%%

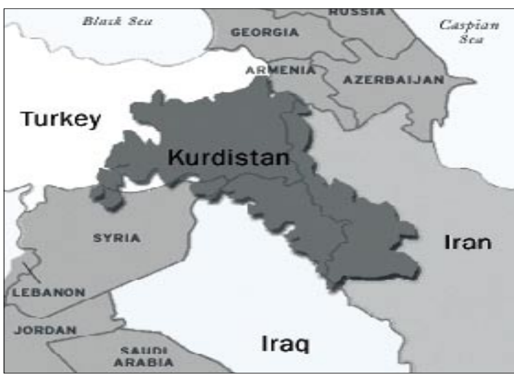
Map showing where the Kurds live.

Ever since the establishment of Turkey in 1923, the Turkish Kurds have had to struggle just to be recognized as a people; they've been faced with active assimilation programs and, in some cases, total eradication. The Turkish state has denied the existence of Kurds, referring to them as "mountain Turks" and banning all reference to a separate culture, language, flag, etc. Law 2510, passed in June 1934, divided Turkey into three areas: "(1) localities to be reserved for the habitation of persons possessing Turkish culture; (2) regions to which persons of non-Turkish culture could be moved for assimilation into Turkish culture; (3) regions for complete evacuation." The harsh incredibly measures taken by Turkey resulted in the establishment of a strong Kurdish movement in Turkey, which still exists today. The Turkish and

%%
%%

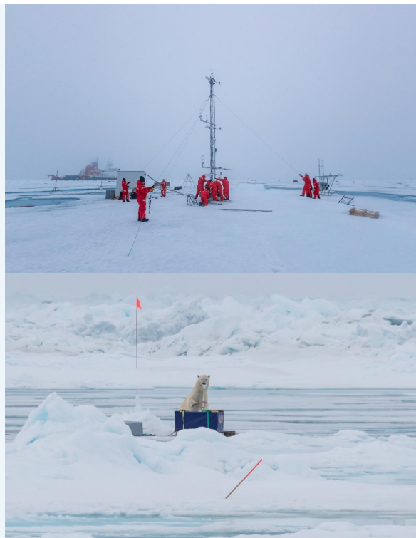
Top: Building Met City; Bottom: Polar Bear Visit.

%%

DESCRIPTION OF THE TASK: The required output is every line above from the one with "Map showing where the Kurds live." down to the one with "Ever since the", restated word for word, ends included.

EXERCISE OUTPUT:
Map showing where the Kurds live.

Ever since the establishment of Turkey in 1923, the Turkish Kurds have had to struggle just to be recognized as a people; they've been faced with active assimilation programs and, in some cases, total eradication. The Turkish state has denied the existence of Kurds, referring to them as "mountain Turks" and banning all reference to a separate culture, language, flag, etc. Law 2510, passed in June 1934, divided Turkey into three areas: "(1) localities to be reserved for the habitation of persons possessing Turkish culture; (2) regions to which persons of non-Turkish culture could be moved for assimilation into Turkish culture; (3) regions for complete evacuation." The harsh incredibly measures taken by Turkey resulted in the establishment of a strong Kurdish movement in Turkey, which still exists today. The Turkish and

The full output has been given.